My problem is lately that all the photos that are taken "portrait" on the digital camera show up on the computer on their sides (if you get my meaning) so I rotate them to their correct order.  However, despite doing this, when I add them to the SD card for the digital photo frame and show the photos, they continue to be shown on their "sides"

It appears the only way I can change them is to rotate them WHILE they are on the Digital Photo Frame.

However, the problem is, when I remove the SD card to add more photos, it reverts them all back to their "sideways" position again.

It's only started happening with the latest holiday photos we have taken.  It's never been a problem before.

I have tried to change the settings on the camera, but don't want to mess too much.

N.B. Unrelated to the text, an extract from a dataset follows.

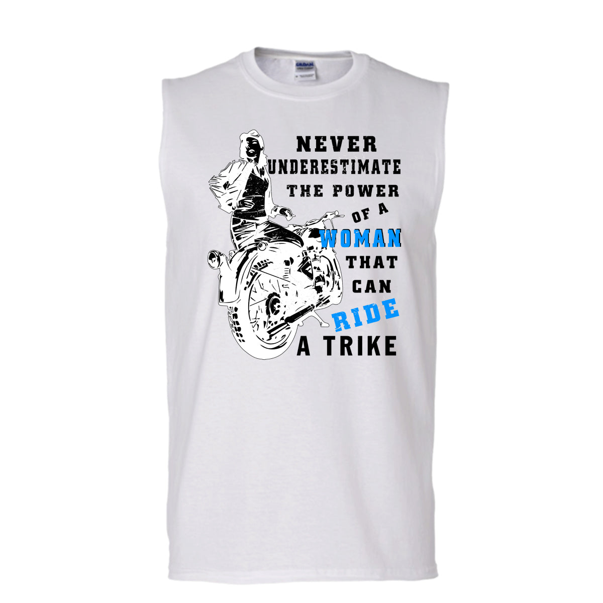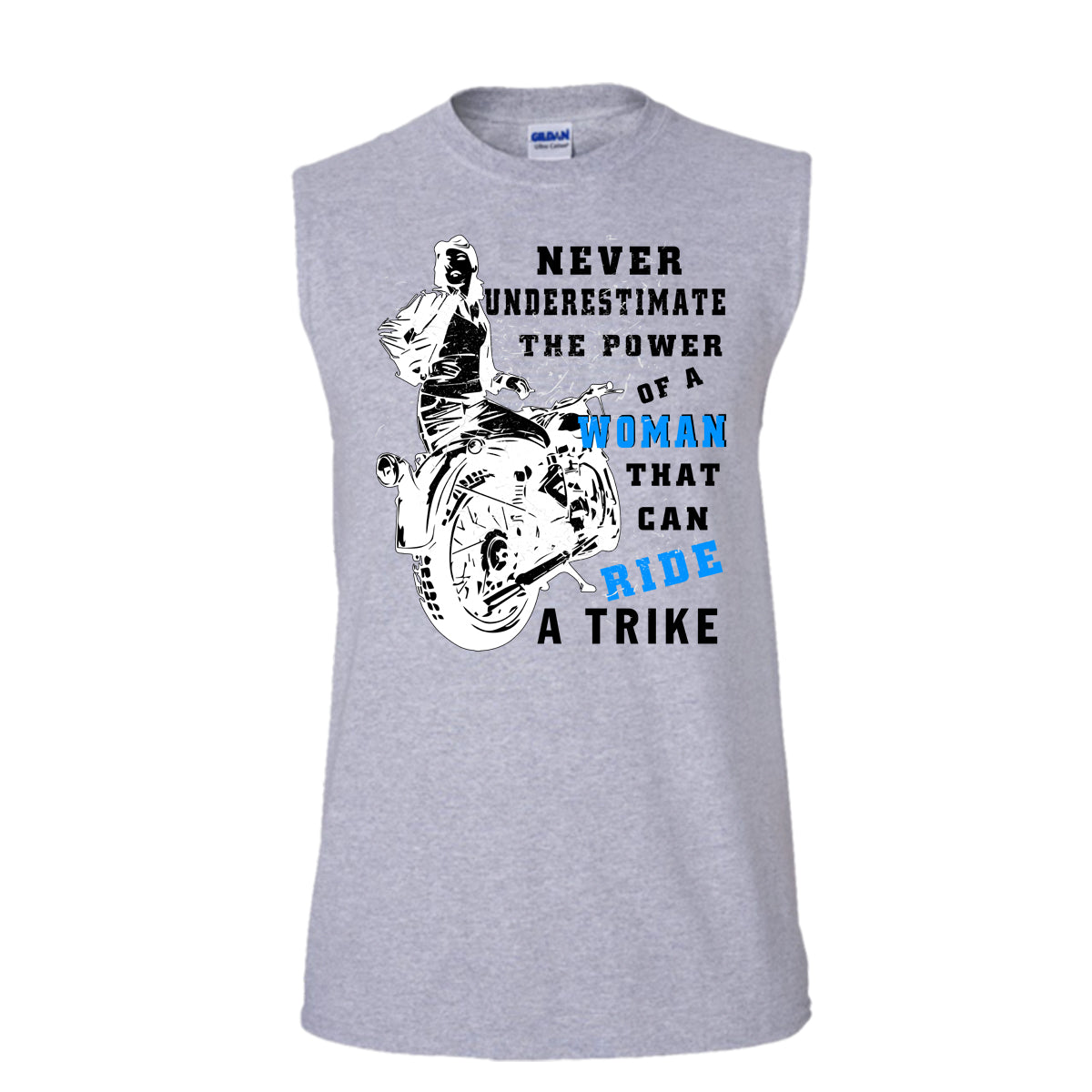 Never Underestimate T Shirt, Riding A Trike T Shirt, Awesome t-shirts (Men's Cotton Sleeveless)

Any tips and advice GRATEFULLY appreciated please.:hug::


----------



## Big Mike (Oct 5, 2010)

Check your camera's menus.  There might be an option for it to automatically rotate the images.  Most cameras have a sensor inside, that allows them to know when the camera is turned.  This information is kept with the image file, so that when you open the images on your computer, it knows which way is up.

You may sometimes run into a problem where the computer program that you are using to view the images, may not be able to read this info, so the image isn't rotated.  Then if you use something (computer or frame etc) to rotate it, it can confuse the issue when you're viewing it on difference devices etc.

If you can't figure it out with the camera settings...then I'd suggest putting all the images onto your computer and rotating (them saving) them.  It should be pretty quick to do, if you have the right program for it.  Adobe Bridge (Photoshop) would be ideal, but you could probably use a free program like Irfanview.


----------